START Entries provided
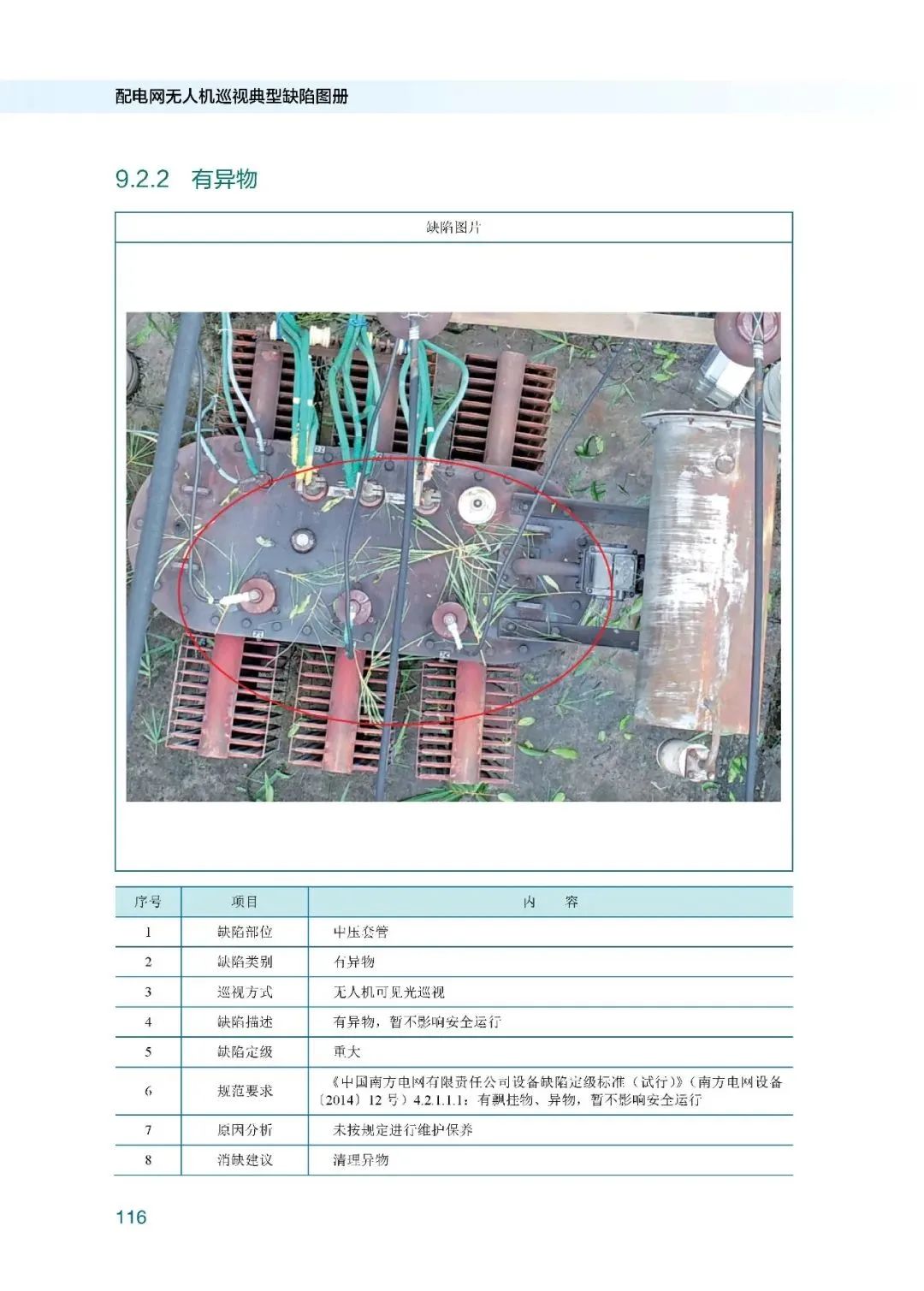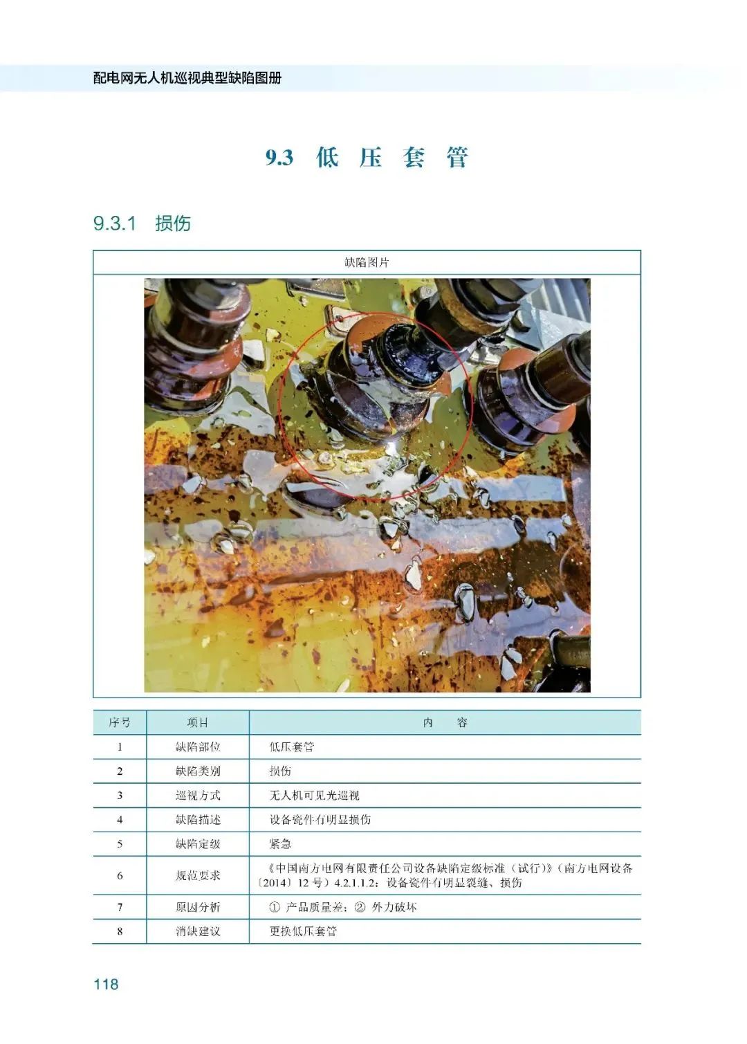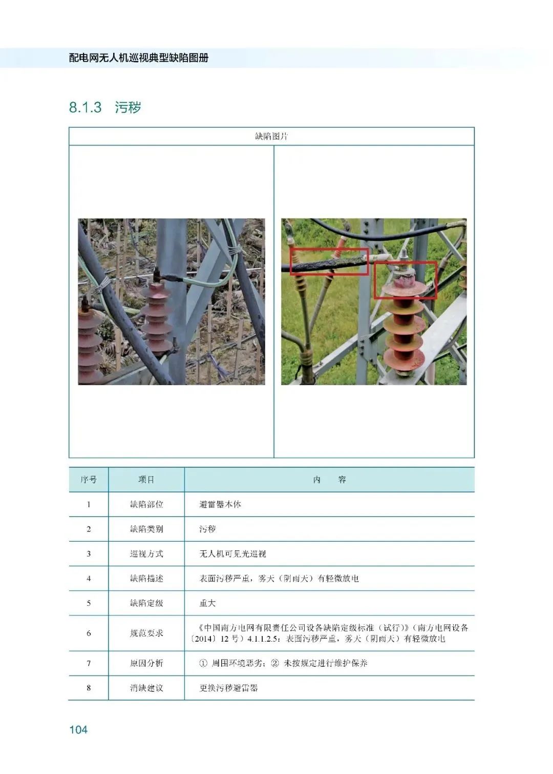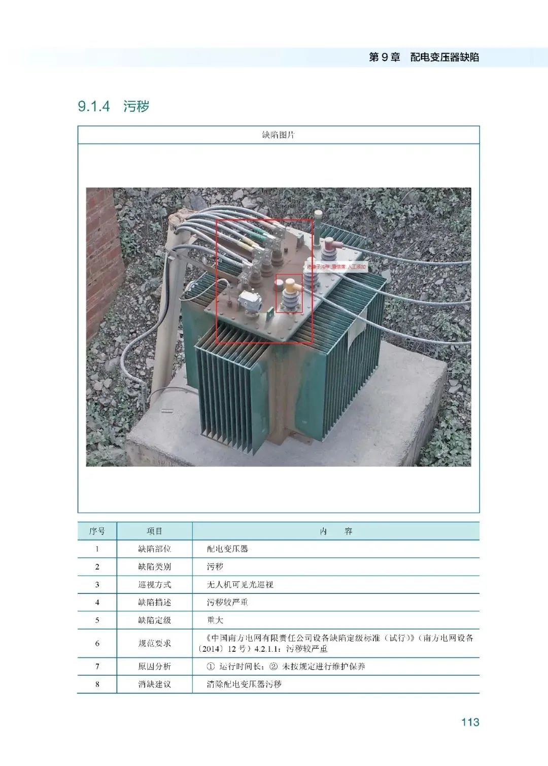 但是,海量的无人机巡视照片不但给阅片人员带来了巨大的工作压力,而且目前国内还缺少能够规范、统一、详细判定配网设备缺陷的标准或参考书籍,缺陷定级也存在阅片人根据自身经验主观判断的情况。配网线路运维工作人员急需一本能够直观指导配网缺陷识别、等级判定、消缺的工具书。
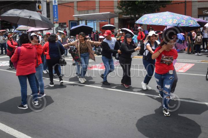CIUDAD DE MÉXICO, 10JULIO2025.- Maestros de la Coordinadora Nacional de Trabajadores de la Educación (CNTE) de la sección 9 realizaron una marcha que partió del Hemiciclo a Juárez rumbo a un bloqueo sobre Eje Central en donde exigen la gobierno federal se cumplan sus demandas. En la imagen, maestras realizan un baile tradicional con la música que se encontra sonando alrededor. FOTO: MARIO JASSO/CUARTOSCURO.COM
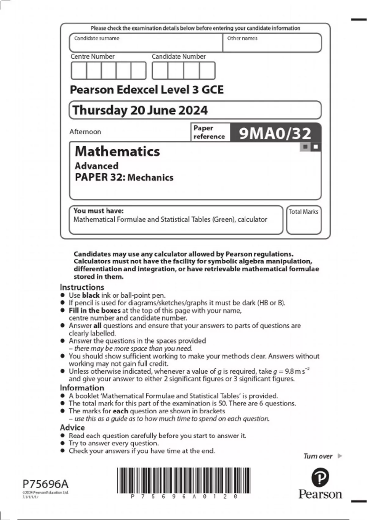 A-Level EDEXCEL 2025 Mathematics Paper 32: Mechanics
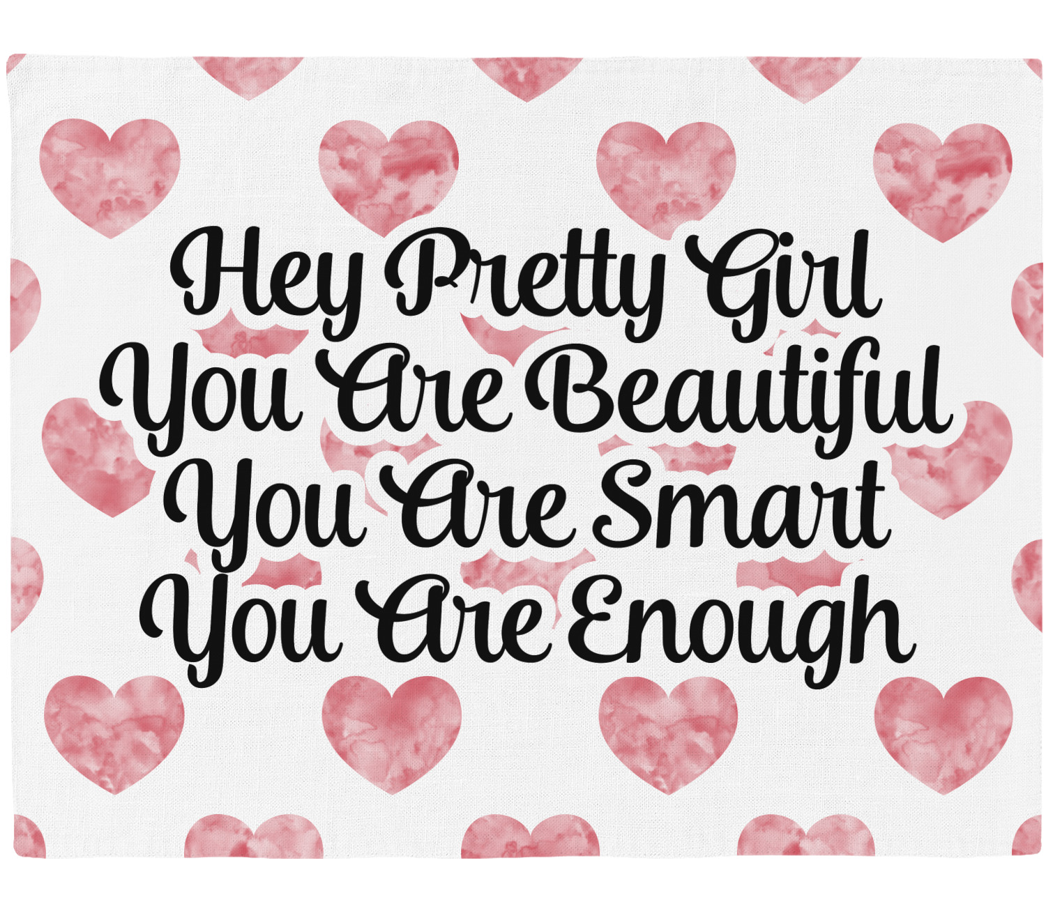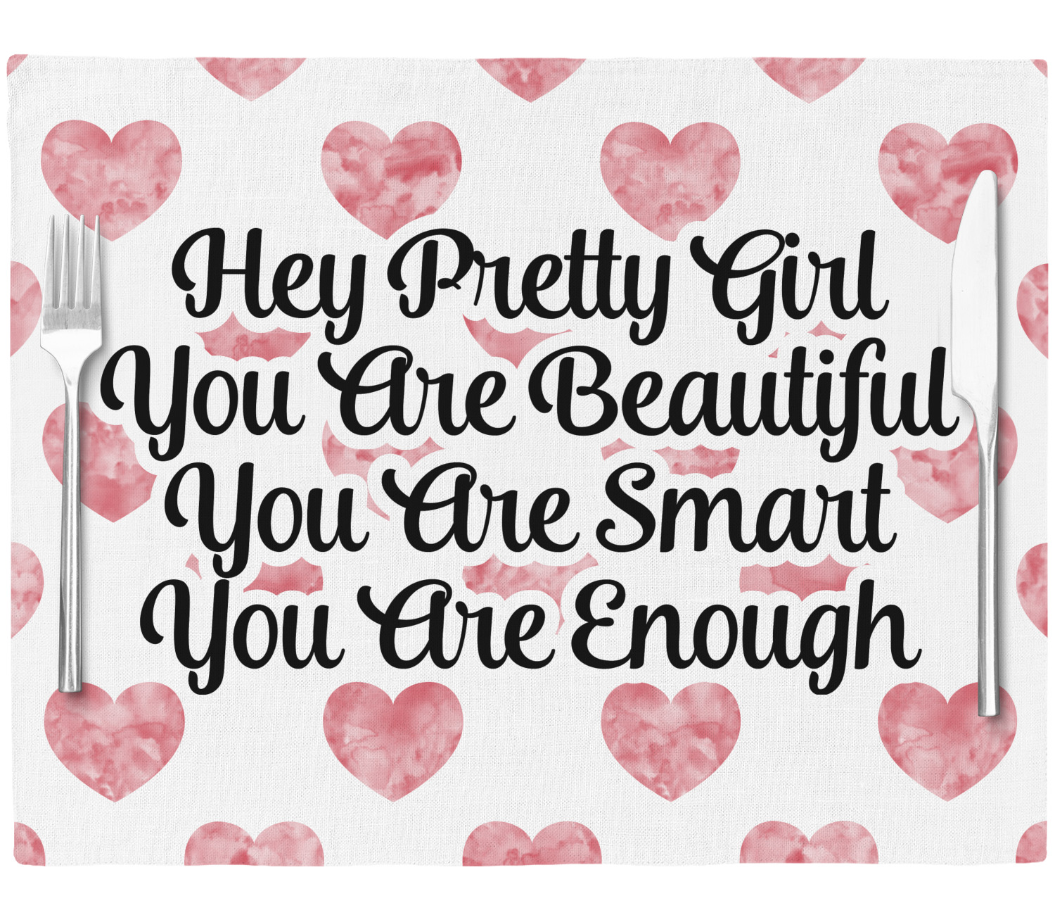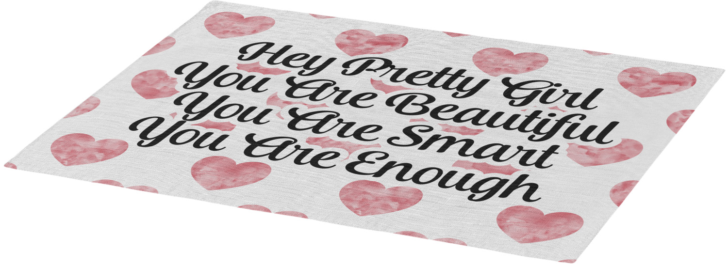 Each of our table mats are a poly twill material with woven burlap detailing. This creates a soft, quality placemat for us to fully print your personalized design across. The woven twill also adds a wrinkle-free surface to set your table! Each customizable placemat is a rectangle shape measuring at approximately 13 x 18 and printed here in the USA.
END Entries provided
START Entries provided
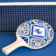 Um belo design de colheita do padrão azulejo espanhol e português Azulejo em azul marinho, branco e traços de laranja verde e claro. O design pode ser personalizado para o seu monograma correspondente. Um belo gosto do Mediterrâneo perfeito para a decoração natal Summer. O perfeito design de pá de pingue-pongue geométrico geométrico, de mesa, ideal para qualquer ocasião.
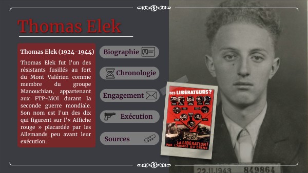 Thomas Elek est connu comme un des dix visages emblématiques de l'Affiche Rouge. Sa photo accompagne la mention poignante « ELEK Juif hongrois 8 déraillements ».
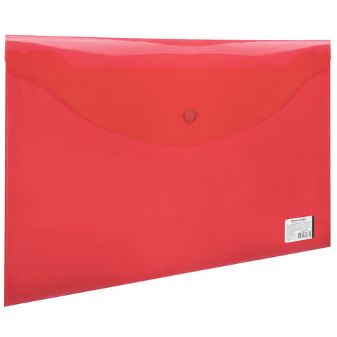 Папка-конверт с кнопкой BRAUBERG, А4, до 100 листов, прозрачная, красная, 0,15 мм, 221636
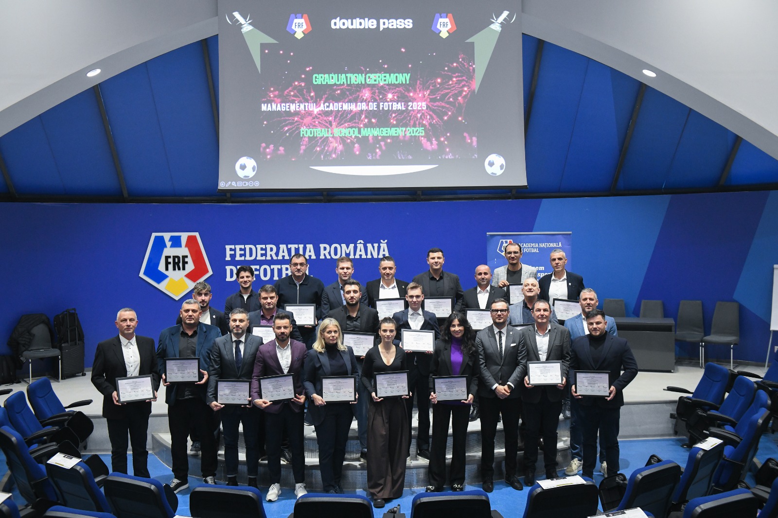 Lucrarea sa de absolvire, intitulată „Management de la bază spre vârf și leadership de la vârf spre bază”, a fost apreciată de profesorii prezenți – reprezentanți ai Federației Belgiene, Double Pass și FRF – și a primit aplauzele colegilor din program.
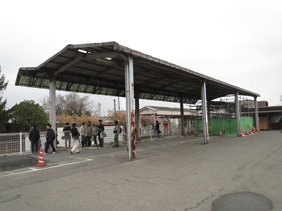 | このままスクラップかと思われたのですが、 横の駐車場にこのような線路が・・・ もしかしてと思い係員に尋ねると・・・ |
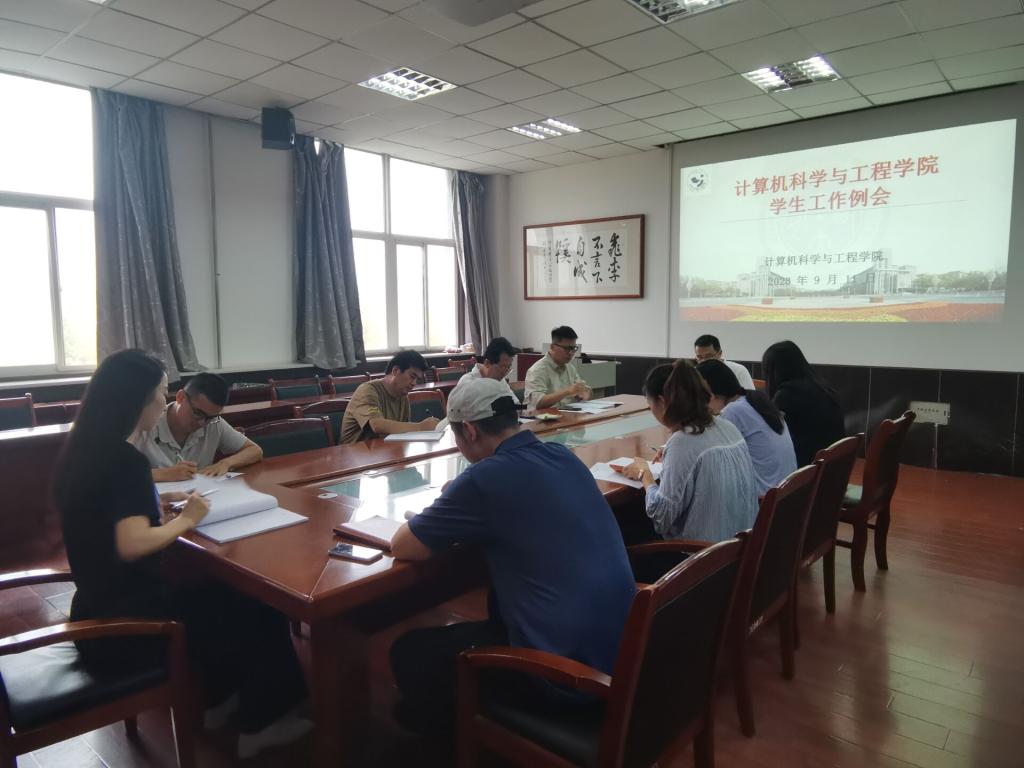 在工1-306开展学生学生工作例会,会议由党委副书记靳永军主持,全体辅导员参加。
END Entries provided
START Entries provided
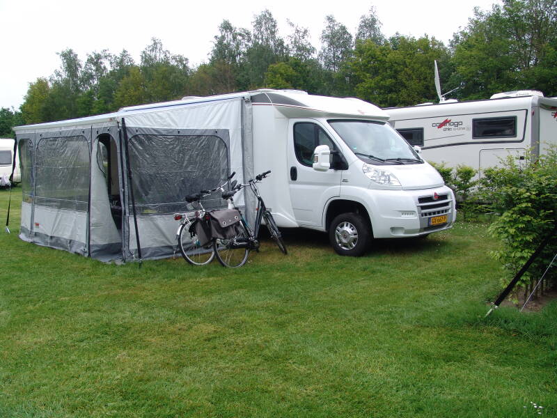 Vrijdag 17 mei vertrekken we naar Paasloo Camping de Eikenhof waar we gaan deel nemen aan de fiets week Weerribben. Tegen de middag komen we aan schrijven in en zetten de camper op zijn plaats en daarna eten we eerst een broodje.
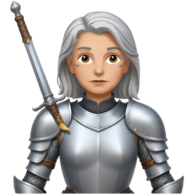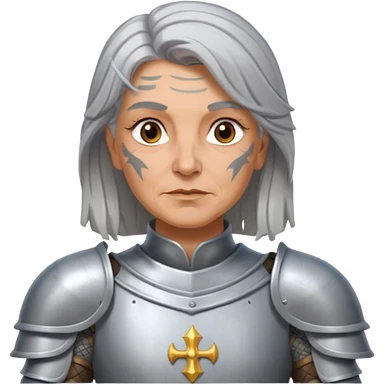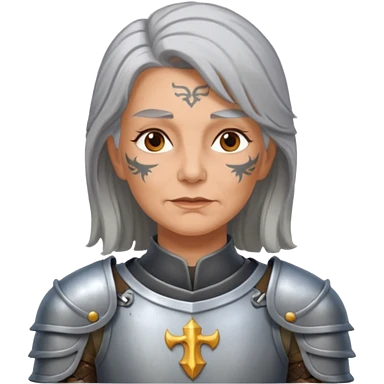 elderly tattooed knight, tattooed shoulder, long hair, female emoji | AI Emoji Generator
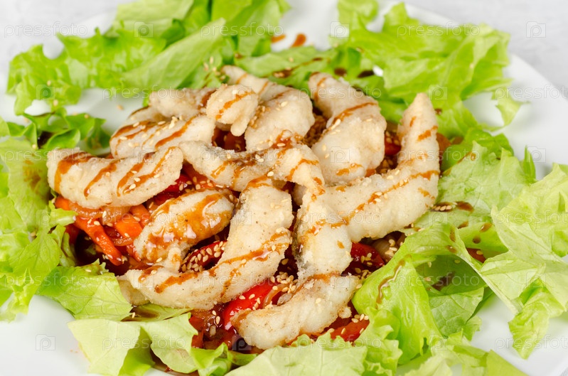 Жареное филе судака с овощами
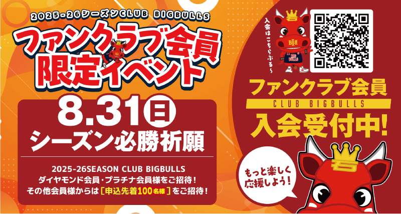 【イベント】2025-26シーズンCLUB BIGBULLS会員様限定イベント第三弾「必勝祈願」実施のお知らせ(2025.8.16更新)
END Entries provided
→ **Work required**
In the listing above, find the line holding "横の駐車場にこのような線路が・・・ もしかしてと思い係員に尋ねると・・・ |" and the line holding "在工1-306开展学生学生工". Reproduce those two lines and all between them exactly, leaving out pictures.

→ **Task output**
 | このままスクラップかと思われたのですが、 横の駐車場にこのような線路が・・・ もしかしてと思い係員に尋ねると・・・ |
 在工1-306开展学生学生工作例会,会议由党委副书记靳永军主持,全体辅导员参加。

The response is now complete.